Все сцены этого продолжительного акта происходили одна за другой без единой заминки, и наши наперсники действовали с удивительной ловкостью и искусством. Вагины, и члены, и ягодицы сменяли друг друга перед нашими лицами с той же быстротой, с какой менялись наши желания; не успевали извергаться горячие члены в наших руках, как тут же, словно по мановению волшебной палочки, в ладонях оказывались новые — наполненные силой; наши сосательницы сменялись в том же стремительном ритме, и анусы наши не пустовали ни единой минуты; три часа подряд мы изнемогали в истоме и в нескончаемом сладостном бреду; не менее сотни содомитов почтили присутствием наши потроха, а искусственный орган беспрерывно обрабатывал нам влагалище. В конце концов я едва не испустила дух, а Олимпия потеряла сознание, и ее пришлось снимать с кола; только Клервиль и Шарлотта стойко отражали приступ. Мы истекали спермой, жидкостью, которую выбрасывал механический пенис, потом и кровью. Когда первый акт подошел к концу, Фердинанд и Франкавилла пригласили нас на прогулку, и мы, поддерживаемые служанками, пошатываясь, направились в просторную летнюю резиденцию.
Она была украшена следующим образом: справа, приблизительно на метр от пола, возвышалась полукруглая платформа, нечто вроде амфитеатра, застеленного толстыми матрацами из пылающе-алого атласа; напротив стояла другая платформа, немного выше первой, такой же формы, обитая бархатом того же цвета.
— Давайте приляжем сюда, — сказал князь, увлекая нас к амфитеатру, — и посмотрим, что будет происходить.
Мы устроились поудобнее, и очень скоро в зал вошла дюжина восхитительных девушек от шестнадцати до восемнадцати лет.

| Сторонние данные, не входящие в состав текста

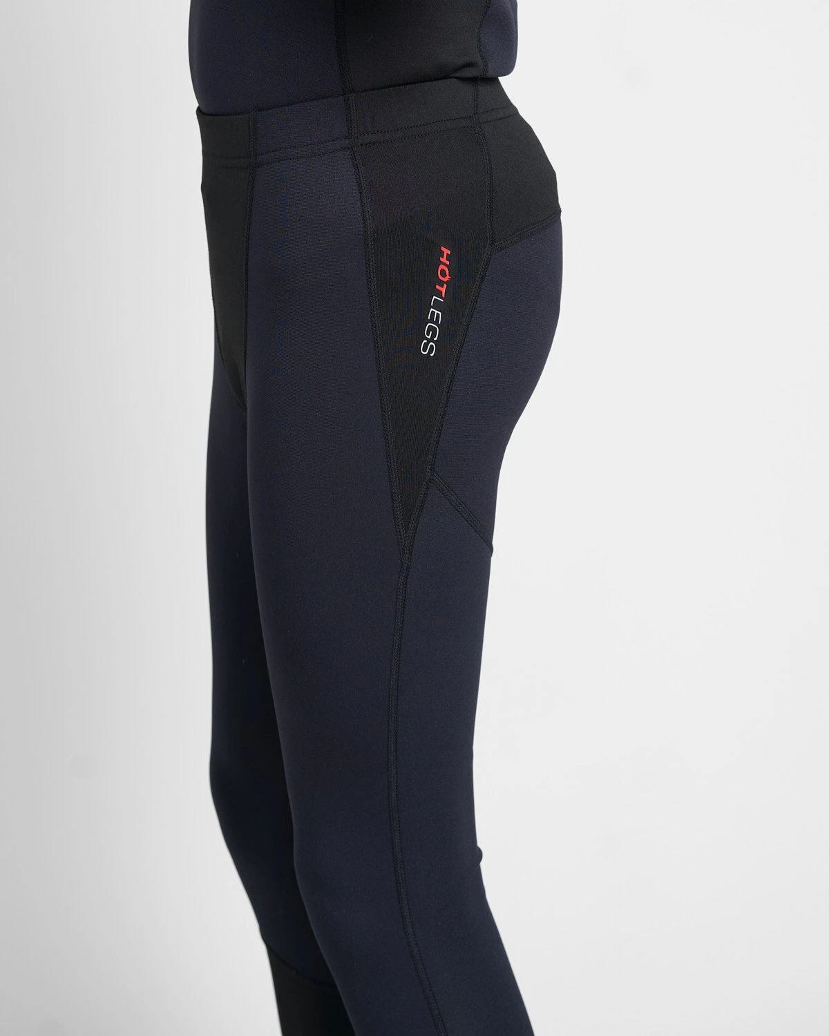 Our ‘hottest’ base layer in the range, these thermal leggings use a combination of two of our most popular fabrics for the utmost comfort and thermal performance. The main ‘heat’ boosting properties derive from its 0.5mm titanium lined neoprene used at the upper front legs, seat and back of legs. This fabric is a clever material that works with your body to regulate your temperature, where the titanium lining reflects heat from your body back onto your body, rather than letting it escape through the fabric. Through combining this ‘Hot’ fabric with our soft and stretchy Polypro™ on panels where you want the maximum movement and breathability, crotch/gusset, waistband and upper sides, these leggings will give unrestricted performance.
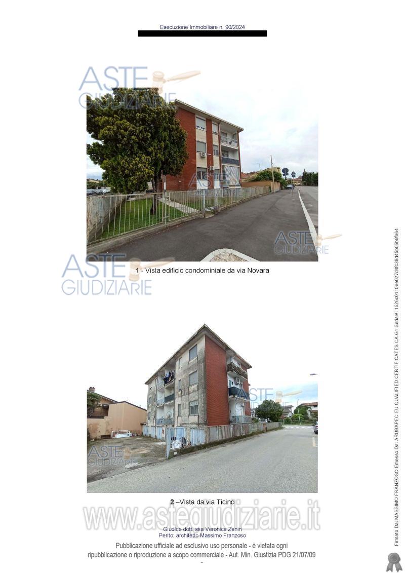 Vendita all'asta Senza incanto, con gara telematica asincrona - LOTTO UNICO: Piena proprietà per la quota di 1000/1000 di appartamento con autorimessa in edificio a regime condominiale. L’unità immobiliare, ubicata al piano rialzato (1° f.t.), con accesso da scala comune, è così articolata: ingresso, locale soggiorno-pranzo, cucina, disimpegno, camera doppia, servizio igienico, camera singola e n. 2 balconi scoperti con affaccio sulle aree comuni. Fanno inoltre parte della proprietà, un locale cantina e un’autorimessa, entrambi ubicati al piano seminterrato. Prezzo base € 62.000,00 (offerta minima € 46.500,00). Data inizio operazioni di vendita: 13/05/2026 ore 12:00. Giudice Rossella Incardona. Professionista delegato alla vendita Dott. Claudia Mazza - Email "segreteria@davnovara.it". Custode Giudiziario Lorenzo Vigone - Email "richiestevisite.novara@ivgpiemonte.it"; Tel. 0321628676. Rif. Tribunale di Novara - Espropriazione immobiliare (cartabia) n. 90/2024
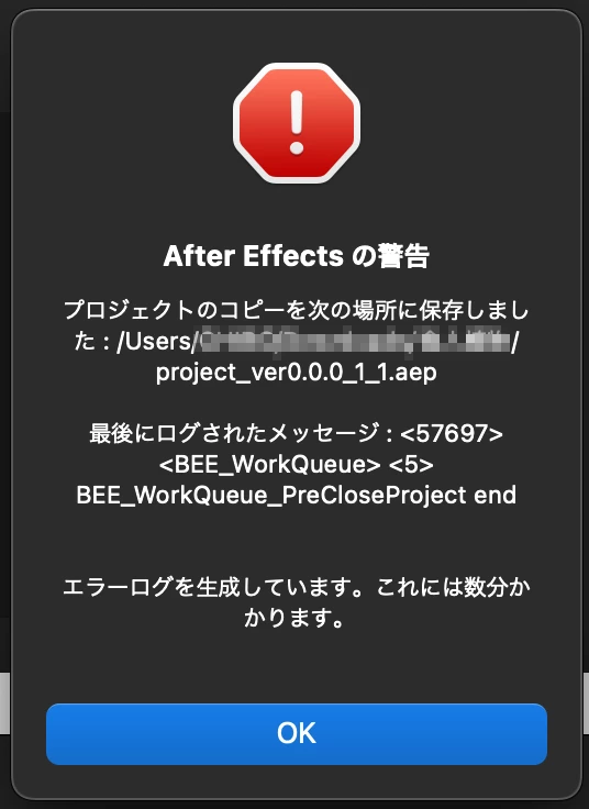 After Effectsの警告「プロジェクトのコピーを次の場所に保存しました」が出てOKを押すとシャットダウン。
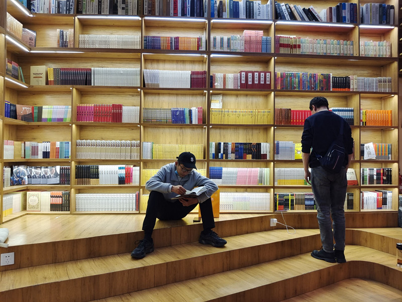 傍晚7點,在萬達廣場的“央喜書吧”里,與朋友約好吃飯的市民拉姆趁著朋友還沒到,抽空選購著書籍;

Они были одеты в греческие туники, оставлявшие обнаженным почти все тело; каждая прижимала к груди, твердой и белой как алебастр, младенца возрастом не старше одного года. Следом появились шестеро мужчин, державших в руках свои возбужденные органы; двое сразу овладели Фердинандом и князем, остальные с поклоном приблизились к нам и предложили свои услуги, которые мы тут же приняли без раздумья.

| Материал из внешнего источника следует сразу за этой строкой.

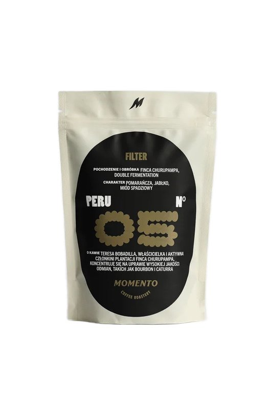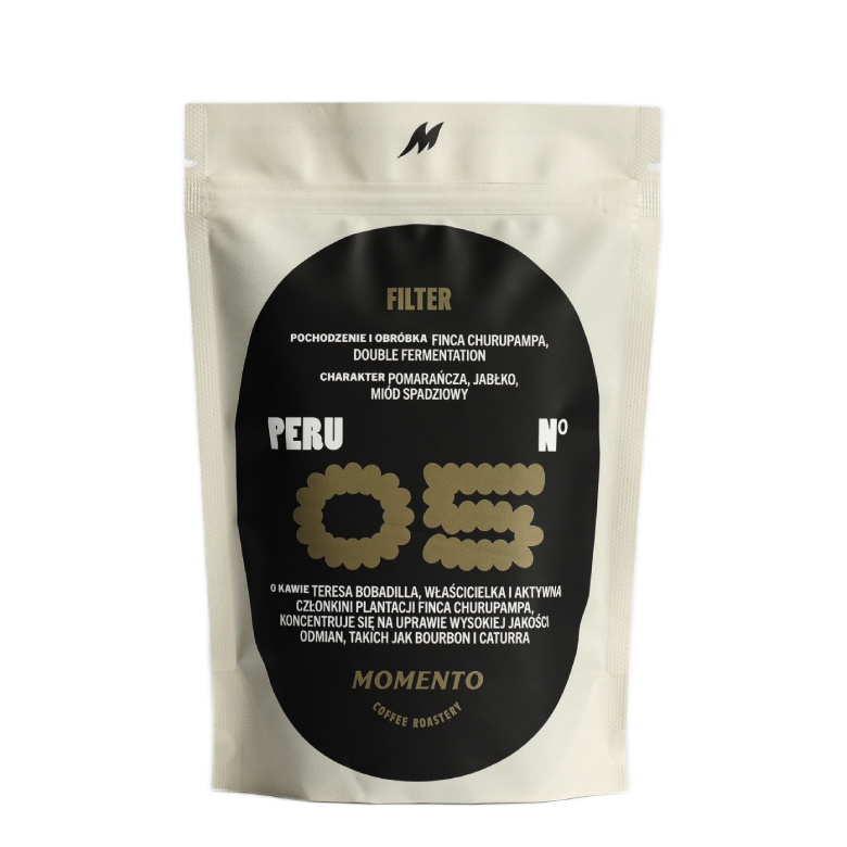 Momento Peru Nº5 Double Washed Fermentation to jasno palona arabika Specialty z Peru, przeznaczona do przelewowych metod parzenia. Ziarna odmiany Bourbon pochodzą z farmy Finca Churupampa w regionie Cajamarca, prowadzonej przez Teresę Bobadilla i jej rodzinę. Uprawiane na wysokości 2000 m n.p.m., poddane zostały wyjątkowej podwójnej fermentacji (36h w wiśni + 24h po depulpingu), co dało im niezwykle czysty i złożony profil. W teście jakości kawa uzyskała 88 punktów SCA.
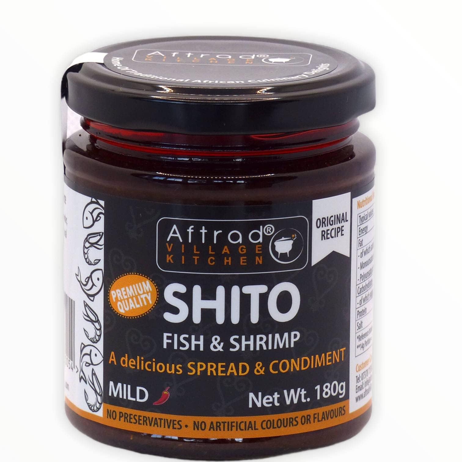 This is the popular Ghanaian black pepper sauce made with chilies, smoked dried fish, and shrimp. Aftrad Village Kitchen Shito is made with pure ingredients and a good fish-to-shrimp ratio, guaranteeing a delicious and flavorful taste. Our sauce is homemade and made in small batches to ensure consistent quality. No artificial preservatives are added preservation is achieved through our cooking and bottling process. INGREDIENTS Smoked fish, smoked shrimp, fresh ginger, fresh onions, fresh garlic, cayenne pepper, natural spices, rapeseed oil
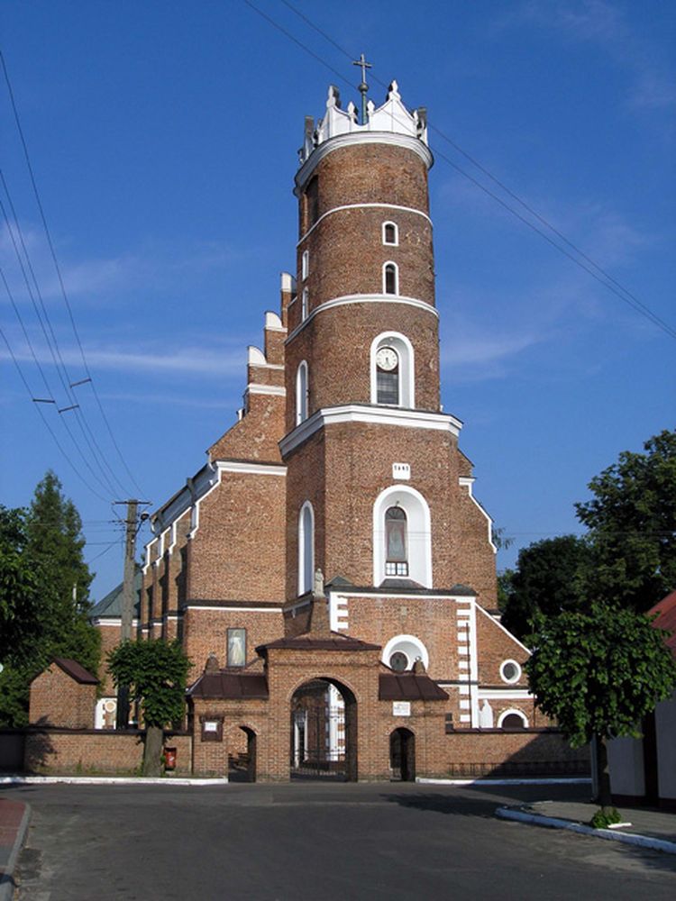 Budowla orientowana,jednonawowa, z pięciokondygnacyjną- 35 metrową wieżą zwieńczoną attyką,dzięki której stanowi dominantę w panoramie miasteczka. Zbudowana z cegły - podstawowy materiał budulcowy uzupełniają detale kamienne, nie tynkowana. Na uwagę zasługują: XVIII-wieczny ołtarz główny, w stylu barokowym, w nim XVII wieczny obraz Matki Boskiej Loretańskiej przeniesiony w 1785 roku z dawnego kościoła jezuitów na wyspie, a także późnorenesansowa chrzcielnica z 1613 roku, nagrobne płyty fundatorów kościoła z czerwonego marmuru i barokowe konfesjonały.Pomimo przebudów i wielu remontów świątynia nie uległa zasadniczym przemianom.
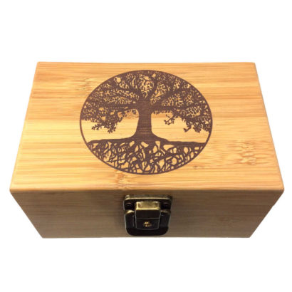 SWAG GEAR BAMBOO BOX/JAR/GRIND MED ENGRAVED TREE OF LIFE
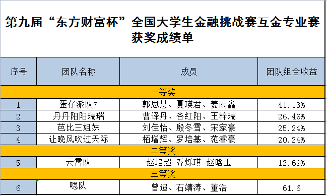 7月10日,第九届“东方财富杯”全国大学生金融挑战赛黑龙江赛区选拔赛圆满结束。我校互联网金融专业参赛队伍最终获得省赛一等奖4项、二等奖1项、三等奖1项的优异成绩,参赛成绩创造历史。 “东方财富杯”全国大学生金...
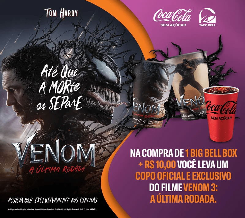 Os fãs do universo Marvel e amantes de fast-food têm um motivo a mais para comemorar! O Taco Bell, em parceria com a Coca-Cola, acaba de lançar uma promoção especial em homenagem ao aguardado filme “Venom: A Última Rodada.” A partir de agora, os clientes que adquirirem uma Big Bell Box em lojas Taco Bell participantes terão a oportunidade de levar para casa um copo personalizado do filme por apenas R$ 10 adicionais. Com o lançamento marcado para 24 de outubro, a promoção promete atrair tanto fãs de cinema quanto consumidores ávidos por novidades.

Когда мы утолили первые страсти, молодые женщины обступили нас полукругом; перед ними спустились на колени маленькие девочки, одетые в татарские одежды, и начали демонстрировать нам прекраснейшее собрание ягодиц юных матерей.
— Какие превосходные задницы, не правда ли? — сказал Франкавилла.. которого в это время не спеша содомировал устрашающих размеров член. — Но, к сожалению, они предназначены для жертвоприношения, и я не рекомендую вам слишком увлекаться ими… Однако прошу вас полюбоваться, как гордо посажены эти ягодицы, как безупречно они белы. Далее жаль, что им придется вынести предстоящие муки…

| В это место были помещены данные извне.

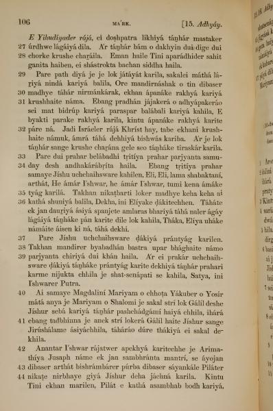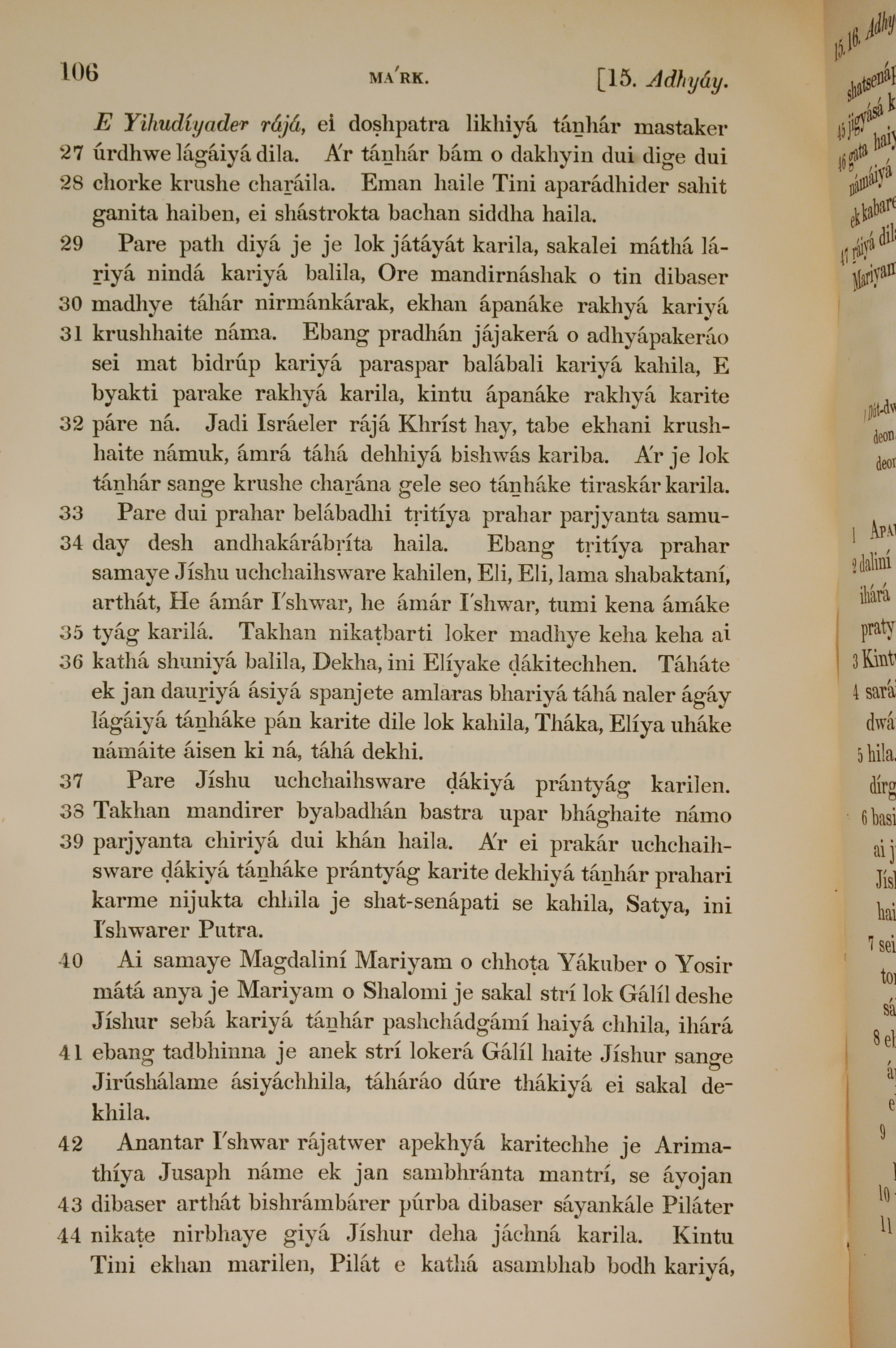 1839年孟加拉語新約全書 馬可福音 15 章 27 節到 15 章 44 節
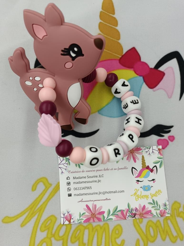 Respect des normes CE, composée de perles silicone alimentaire et/ou bois naturel.
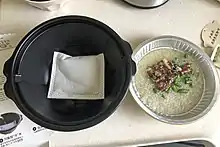 Self-heating rice with quicklime and water as heating source, taken before adding water to quicklime
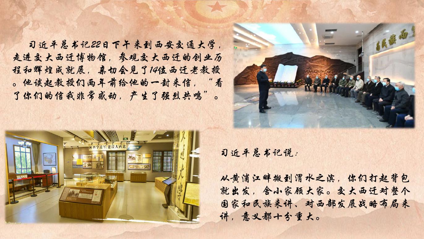 ,走进交大西迁博物馆,参观交大西迁的创业历程和辉煌成就展,亲切会见了14位西迁老教授。他谈起教授们两年前给他的一封来信,“看了你们的信我非常感动,产生了强烈共鸣”。

Девочки поднялись с колен и исчезли; их сменили двенадцать мужчин около тридцати пяти лет, очень мужественного и свирепого вида, обряженных в костюмы сатиров. Помахивая различными орудиями для флагелляции и поигрывая мышцами на обнаженных плечах, они подошли к молодым матерям, вырвали у них младенцев и швырнули одного за другим к нашим ногам, потом, схватив матерей за волосы, затащили их на другую платформу, грубо сорвали с них одежду и начали избивать с такой жестокостью — и продолжалось это довольно долго, — что брызги крови и кусочки плоти разлетались по всему залу и даже долетали до нас.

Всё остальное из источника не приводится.